Task details: Reproduce the listing below in full and without alteration, apart from its pictures.

■ ■ ■ ■ ■ ■ ■

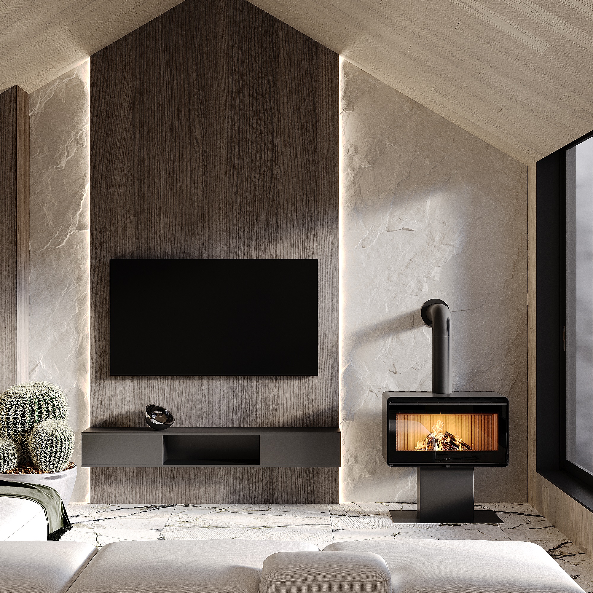 Строгі лінії та панорамне скло дозволяють гармонійно інтегрувати піч у будь-який інтер’єр – від класичного до мінімалістичного.
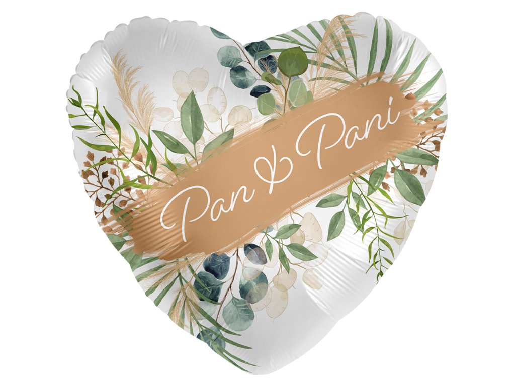 Fóliový balonek srdce bílé s přírodním potiskem a nápisem Pan & Paní, velikost 43 cm.
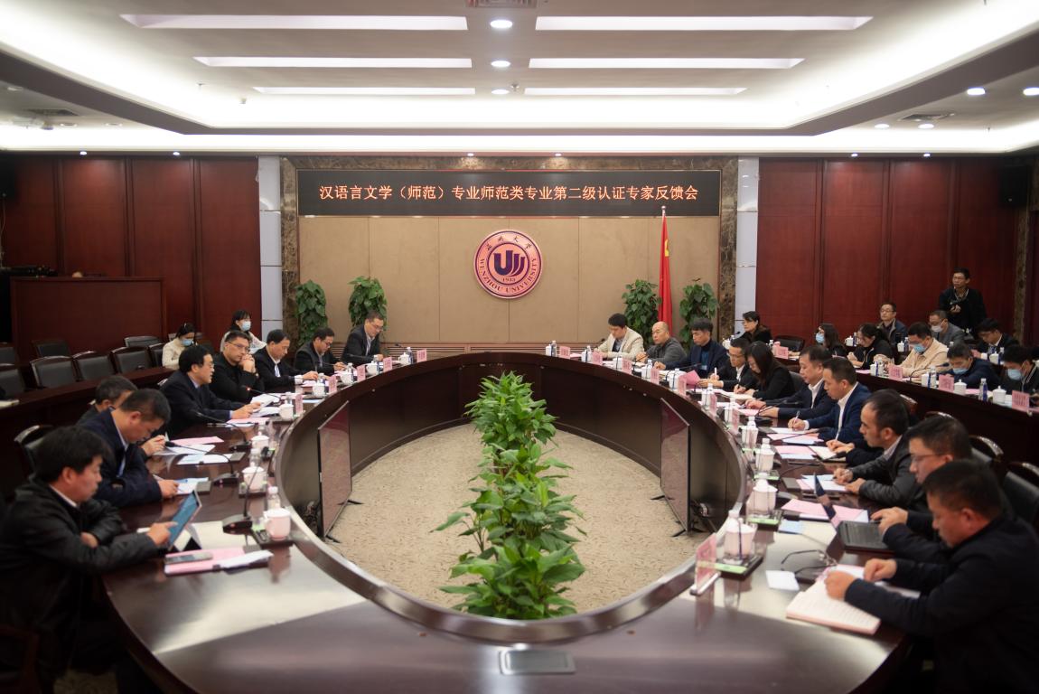 赵敏代表学校对各位专家和教育厅领导的辛勤工作表示由衷的感谢和崇高的敬意,对汉语言文学专业全体师生在准备工作中做出的辛勤劳动表示亲切的慰问和深深的谢意。针对专家组在反馈中提出的问题和不足,赵敏表示,一是坚持持续改进,持续提升专业建设内涵;二是坚持以点带面,推动全校师范类专业建设;三是坚持整体提升,实现高质量发展。他指出,近日我校成功获批博士学位授予单位,各师范专业要争取在2025年前全部申请并通过二级认证、已经通过认证的专业要继续创造条件,争取参加三级认证。
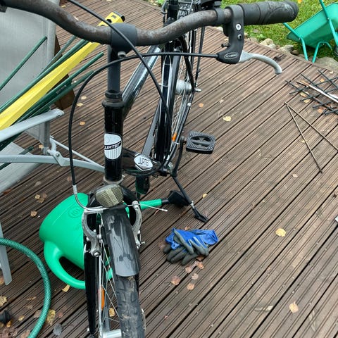 Siitä jollekin satulaa vaille valmis fillari. Löytyy etu ja taka lamppuvalot ja lukko mukaan kaupan päälle.
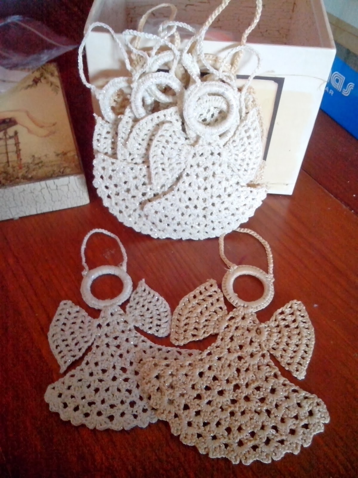 Hoy empezamos con un pack de 6 bolas hechas a ganchillo en tonos beige con destellos brillantes (estos no se aprecian en la foto) y 4 angelitos en el mismo hilo.
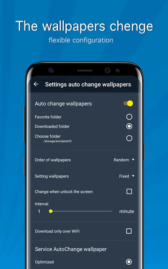 Duvar kağıdının otomatik değişimi, bu uygulamanın bir diğer özelliğidir. Duvar kağıdı kaynağını ve masaüstünde ne sıklıkla güncelleneceğini kendiniz seçebilirsiniz. Beğendiğiniz duvar kağıtlarını favorilere ekleyin, ayarlarda ilgili seçeneği işaretleyin ve ana ekranda otomatik duvar kağıdı değişiminin tadını çıkarın.
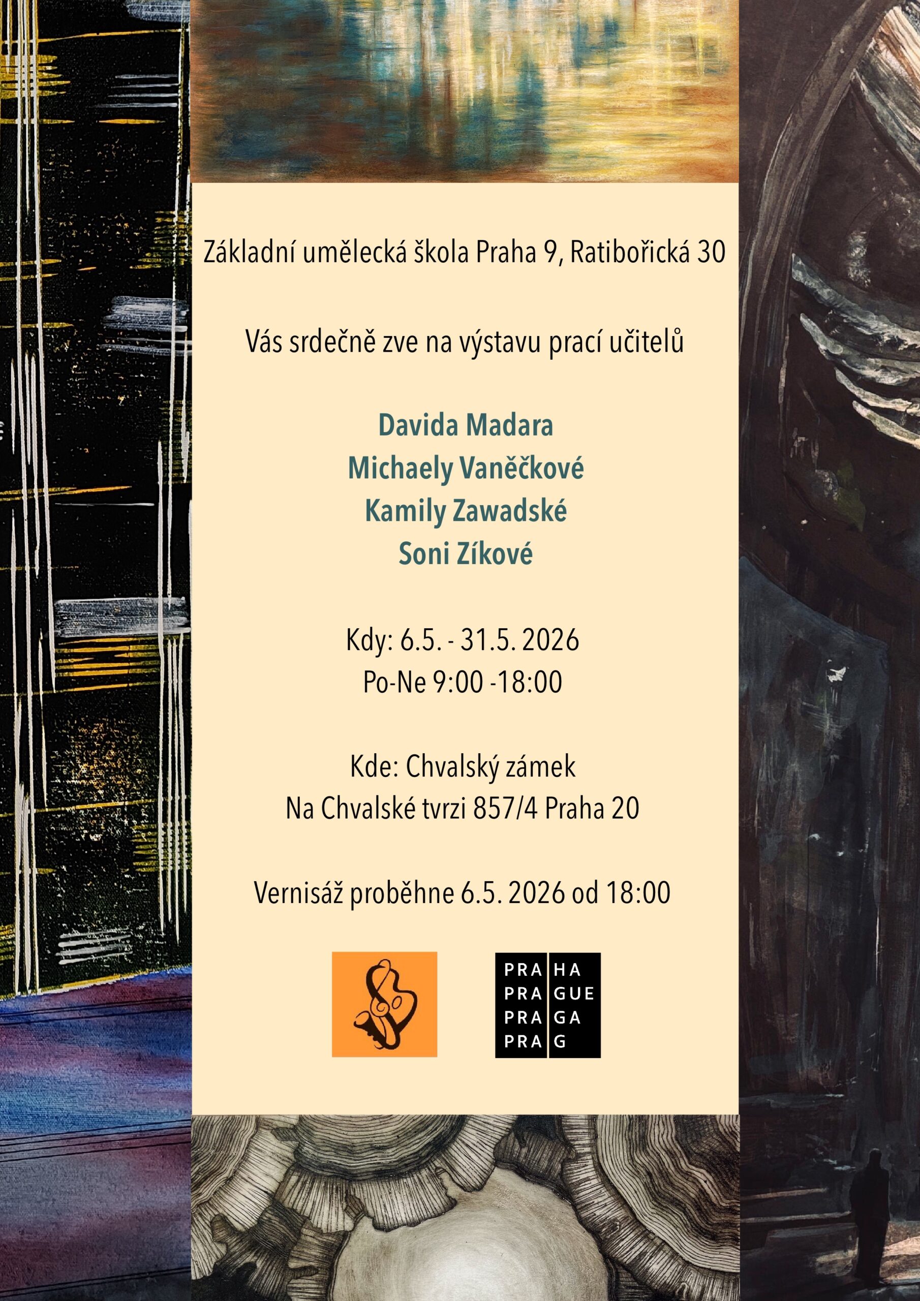Základní umělecká škola Praha 9, Ratibořická 30 se po několika letech vrací na Chvalský zámek s výstavou, kde se představí učitelé výtvarného oboru svými pracemi. Konkrétně David Madar, Michaela Vaněčková, Kamila Zawadská a Soňa Zíková. Jste srdečně zváni!

■ ■ ■ ■ ■ ■ ■

Task answer:
 Строгі лінії та панорамне скло дозволяють гармонійно інтегрувати піч у будь-який інтер’єр – від класичного до мінімалістичного.
 Fóliový balonek srdce bílé s přírodním potiskem a nápisem Pan & Paní, velikost 43 cm.
 赵敏代表学校对各位专家和教育厅领导的辛勤工作表示由衷的感谢和崇高的敬意,对汉语言文学专业全体师生在准备工作中做出的辛勤劳动表示亲切的慰问和深深的谢意。针对专家组在反馈中提出的问题和不足,赵敏表示,一是坚持持续改进,持续提升专业建设内涵;二是坚持以点带面,推动全校师范类专业建设;三是坚持整体提升,实现高质量发展。他指出,近日我校成功获批博士学位授予单位,各师范专业要争取在2025年前全部申请并通过二级认证、已经通过认证的专业要继续创造条件,争取参加三级认证。
 Siitä jollekin satulaa vaille valmis fillari. Löytyy etu ja taka lamppuvalot ja lukko mukaan kaupan päälle.
 Hoy empezamos con un pack de 6 bolas hechas a ganchillo en tonos beige con destellos brillantes (estos no se aprecian en la foto) y 4 angelitos en el mismo hilo.
 Duvar kağıdının otomatik değişimi, bu uygulamanın bir diğer özelliğidir. Duvar kağıdı kaynağını ve masaüstünde ne sıklıkla güncelleneceğini kendiniz seçebilirsiniz. Beğendiğiniz duvar kağıtlarını favorilere ekleyin, ayarlarda ilgili seçeneği işaretleyin ve ana ekranda otomatik duvar kağıdı değişiminin tadını çıkarın.
Základní umělecká škola Praha 9, Ratibořická 30 se po několika letech vrací na Chvalský zámek s výstavou, kde se představí učitelé výtvarného oboru svými pracemi. Konkrétně David Madar, Michaela Vaněčková, Kamila Zawadská a Soňa Zíková. Jste srdečně zváni!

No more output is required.